The two most common cranberry species are Vaccinium oxycoccos (common cranberry) and Vaccinium macrocarpon (large cranberry or American cranberry). The former is widespread throughout the Northern Hemisphere and cultivated in central and northern Europe, whereas the latter is native to North America and cultivated in the United States, Canada and Chile (by the way, these three countries are the world’s largest cranberry producers).

Fresh cranberries are a good source of vitamin C (ascorbic acid) and manganese, which is an essential dietary mineral. Dried cranberries, however, do not contain vitamin C because it breaks down during the drying process. Raw cranberries are tart and bitter, so they are usually added to various dishes rather than eaten fresh. In the United States and Canada, cranberries are associated with Thanksgiving and Christmas because they are harvested in the fall and used to make cranberry sauce for roast turkey, as well as added to various holiday baked treats.

Like most other unofficial food days celebrated in the United States, National Eat a Cranberry Day has murky origins, but it hardly stops people from observing it. The best way to celebrate the holiday is, of course, to eat cranberries.
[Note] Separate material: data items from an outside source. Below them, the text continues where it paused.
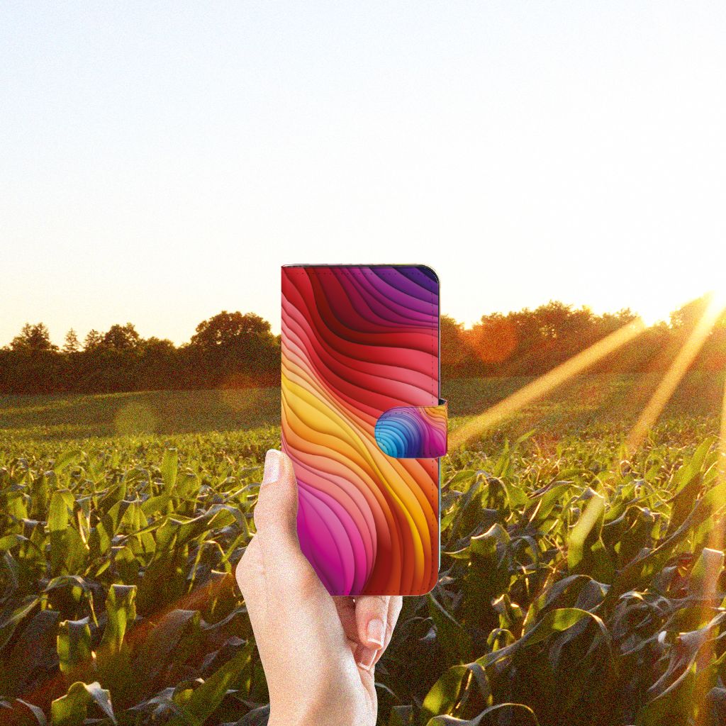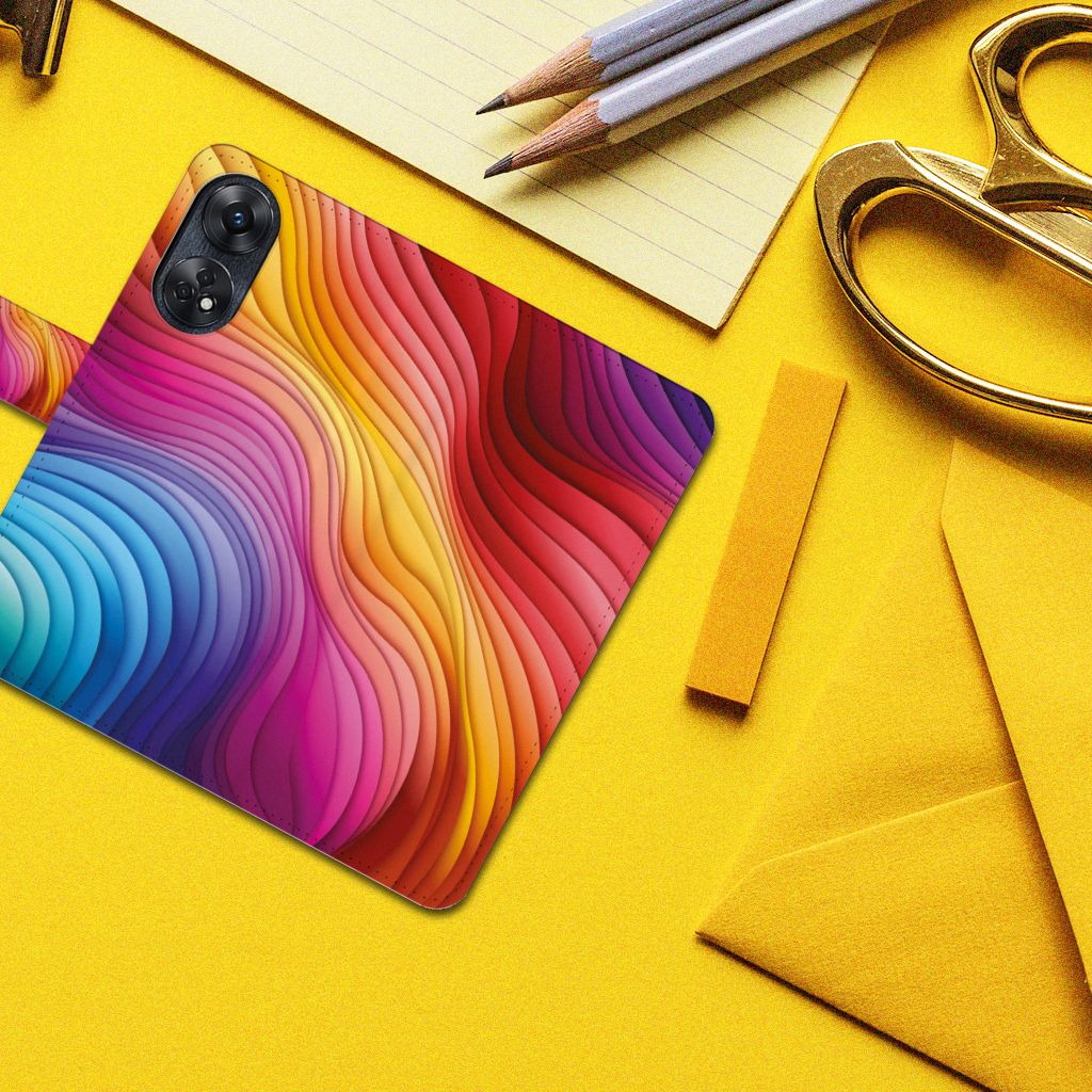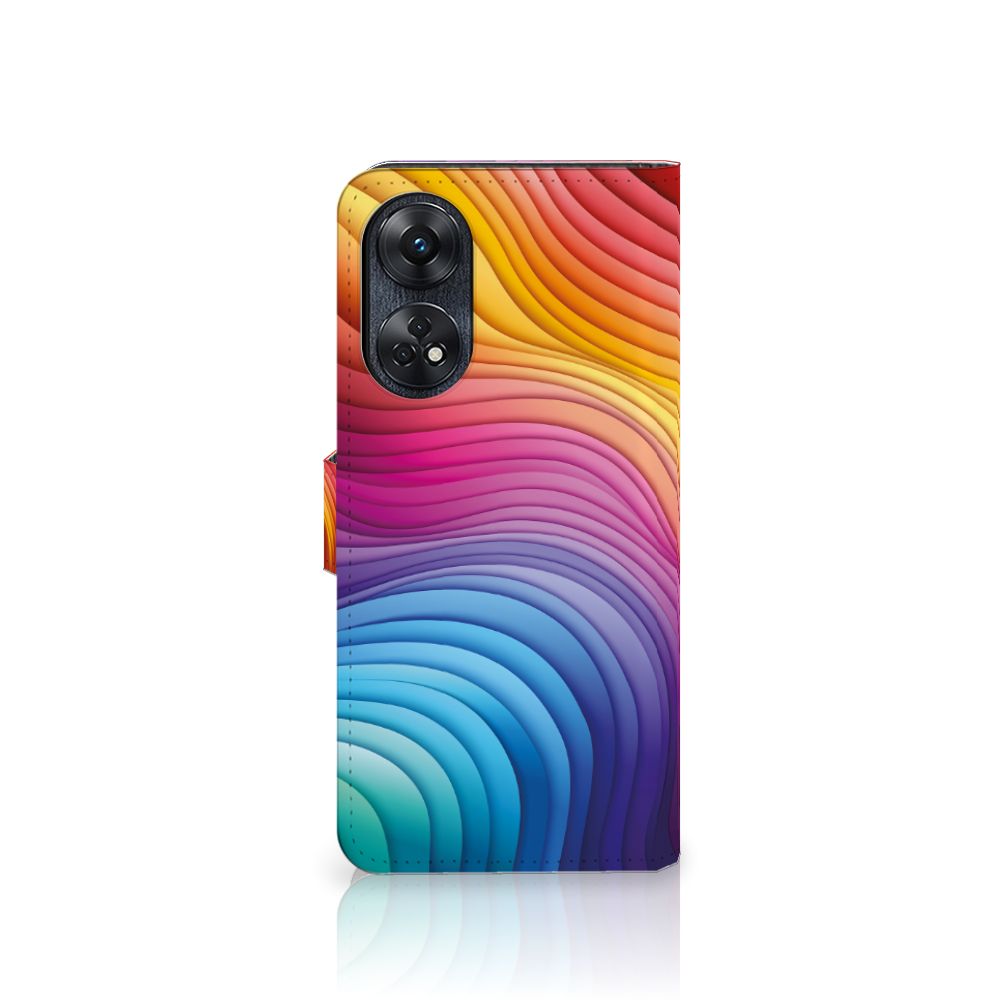 Een regenboog bestaat eigenlijk uit meer dan zeven kleuren, wist je dat? De zichtbare kleuren vloeien geleidelijk in elkaar over, waardoor er eigenlijk meer dan zeven kleuren zijn. Dat wij maar zeven ‘’stroken’’ licht zien, is dus eigenlijk gezichtsbedrog. Toch noemen wij dit hoesje regenboog, omdat wij er blij van worden! Dit design wordt geprint op een Book Case speciaal op maat gemaakt voor de OPPO Reno8 T 4G. In dit hoesje kun je drie pasjes kwijt, super handig toch? Het hoesje wordt afgesloten met een sluit lipje, waardoor jouw telefoon altijd goed beschermd is. Bescherm je OPPO Reno8 T 4G vandaag nog dit toffe regenboog hoesje!
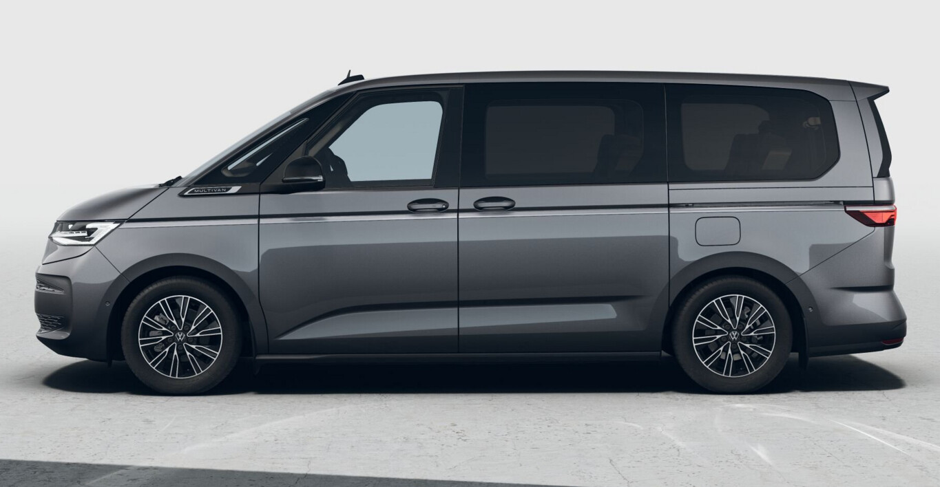 Audio-Navigationssystem Discover Pro (Touchscreen-Farbdisplay 10", inkl. Streaming & Internet), Fahrassistenz-Paket Basic (Service-System: Intelligente Fahrzeugvernetzung (Car2X) / Fahrassistenz-System: Autom. Distanzregelung (ACC inkl. Stop&Go-Funktion) / Fahrassistenz-System: Spurwechselassistent (Side Assist) mit Auspark-Assistent und Ausstiegswarnung), Multifunktionstisch verschiebbar, Schließ-/Startsystem Keyless Advanced mit Safesicherung, Verglasung hinten abgedunkelt (65 %), Schmutzfänger vorn und hinten, Handschuhfach abschließbar, Heckklappe mit Soft-Close-Funktion, LM-Felgen 6,5x17 (Dundrod, schwarz), Reifen 235/55 R17, Schadstoffarm nach Abgasnorm Euro 6e (EU6 EA), Mobile Online Dienste Vorbereitung We Connect und We Connect Plus (Vorbereitung Onlinedienste), Sitz-Paket: 7-Sitzer, 2-2-3 (2 Einzelsitze, 2 Einzelsitze, 3 Einzelsitze) (Sitze im Lade-/FG-Raum: 1.Reihe, 2 Einzelsitze / Sitze im Lade-/FG-Raum: 2.Reihe, 3 Einzelsitze), Außenspiegel schwarz lackiert, Blinkleuchten LED in Außenspiegel integriert, Bodenbelag im Lade-/Fahrgastraum Teppich, Chromleisten seitlich und Heckklappe unten, Digital Cockpit Pro (Instrumentenanzeige Digital), Fahrassistenz-System: Ausweich-Assistent und Abbiege-Assistent, Fenster im Lade-/FG-Raum: - feststehend, vorn links, Fenster im Lade-/FG-Raum: - feststehend, vorn rechts, Frontscheibe Verbundglas getönt, Funkschlüssel (2), Handschuhfach beleuchtet, Innenausstattung: Dekoreinlagen Dark Woodgrain Optic, Innenleuchtenkonzept im Fahrgastraum, Innenspiegel mit Abblendautomatik, Intelligent Speed Assist inkl. Geschwindigkeitsbegrenzer, Karosserie/Aufbau: Bus, Ladekantenabdeckung in Kunststoff, mit Edelstahleinsatz, Laderaumunterteilung und Gepäcksicherungsnetz, Lautsprecher (8), Lichtleiste zwischen Scheinwerfer, Mobile Online Dienste App-Connect inkl. App-Connect Wireless (Apple CarPlay, Android Auto), Motor 2,0 Ltr. - 110 kW TDI, Pedale Edelstahl, Radioempfang digital (DAB+), Radstand 3124 mm, Schlechtwetter-Licht, Schubladen unter Rücksitze außen und 2 Abfallbehälter, Sitzbezug / Polsterung: ArtVelours / Kunstleder, Sitze im Fahrerhaus: 4 Armlehnen, Lendenwirbelstützen elektr. und Klapptische, Sitze im Fahrerhaus: Beifahrersitz höhenverstellbar, Sitze im Fahrerhaus: Fahrersitz höhenverstellbar, Sitze im Lade-/FG-Raum: 1.Reihe mit 2 Armlehnen innen (abnehmbar), Sitze im Lade-/FG-Raum: 2.Reihe mit Vorbereitung für 2 Armlehnen innen, Sonnenblenden mit Spiegel (beleuchtet), Umfeldbeleuchtung seitlich mit Projektionsfunktion, Umfeldleuchte in Heckklappe und Ambiente-Beleuchtung (30 Farben), Warnanlage für Sicherheitsgurte vorn und hinten, Mobiltelefon Schnittstelle Bluetooth, Multimedia-Schnittstelle 2 x USB vorn und 4 x USB-Ladeanschluß Fahrgastraum (Typ C), Sprachsteuerungs-System, Anti-Blockier-System (ABS), Fahrassistenz-System: Bremsassistent (HBA), Antriebsart: Frontantrieb, Elektron. Stabilitäts-Programm (ESP) mit Bremskraftverstärker elektro-mechanisch, Wegfahrsperre (elektronisch), Getriebe 7-Gang - Doppelkupplungsgetriebe DSG, Klimaanlage Climatronic 3-Zonen inkl. Fondbedienung, Zusatzheizung, Airbag Fahrer-/Beifahrerseite, Beifahrerairbag abschaltbar, Fensterheber elektrisch vorn, Seitenairbag / Kopfairbag / Center-Airbag vorn und Kopfairbag hinten, Sitze im Fahrerhaus: Fahrer- und Beifahrersitz heizbar, Schiebetür Lade-/Fahrgastraum links elektr. betätigt, Schiebetür Lade-/Fahrgastraum rechts elektr. betätigt, Fahrassistenz-System: Verkehrszeichenerkennung, Rückfahrkamera, Notrufsystem, Lenkrad (Leder) mit Multifunktion und Schaltfunktion, Servolenkung elektro-mechanisch, geschwindigkeitsabhängig, Fahrassistenz-System: Dynamische Fernlichtregulierung (Dynamic Light Assist), Matrix-LED-Scheinwerfer (IQ.Light), Regensensor, Tagfahrlicht und Assistenzfahrlicht mit Coming Home / Leaving Home, Fahrassistenz-System: Parklenkassistent (Park Assist) inkl. Einparkhilfe vorn und hinten, Fahrassistenz-System: Ablenkungs- und Müdigkeitserkennung, Fahrassistenz-System: Spurhalteassistent (Lane Assist), Reifenkontroll-Anzeige, Diebstahl-Warnanlage + Innenraumüberwachung / Abschleppschutz + Back-up-Horn, Rußpartikelfilter
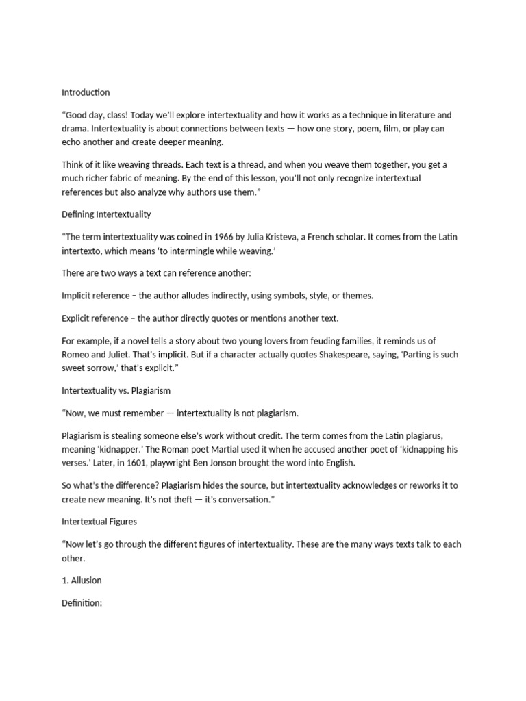“Good day, class! Today we’ll explore intertextuality and how it works as a technique in literature and
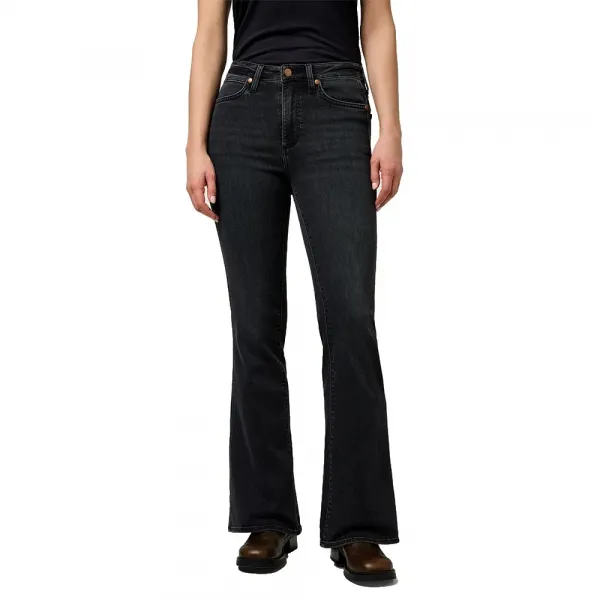 특징: 와이드 레그, 미드 라이즈 웨이스트, 플레어 부츠컷 디자인.

Since these berries have a rather pungent flavor, we won’t insist that you eat them raw. There are many ways to enjoy cranberries and make the most of their health benefits without subjecting yourself to their tartness.

You can incorporate cranberries into various baked treats, make a smoothie from cranberries and other ingredients that will balance out their tartness, use cranberries in a delicious sauce or marinade, make cranberry jam, add sun-dried cranberries to your yogurt or oatmeal, enjoy trail mix or other snacks with dried cranberries, drink cranberry juice or a cocktail that includes it (a great excuse to have a couple of Cosmopolitans for brunch, by the way).

You also can celebrate National Eat a Cranberry Day by learning interesting facts about cranberries, sharing your favorite recipes that call for fresh or dried cranberries, and spreading the word about the holiday on social media with the hashtags #EatACranberryDay and #NationalEatACranberryDay. Hopefully it will encourage your friends to get into festive mood by enjoying cranberries.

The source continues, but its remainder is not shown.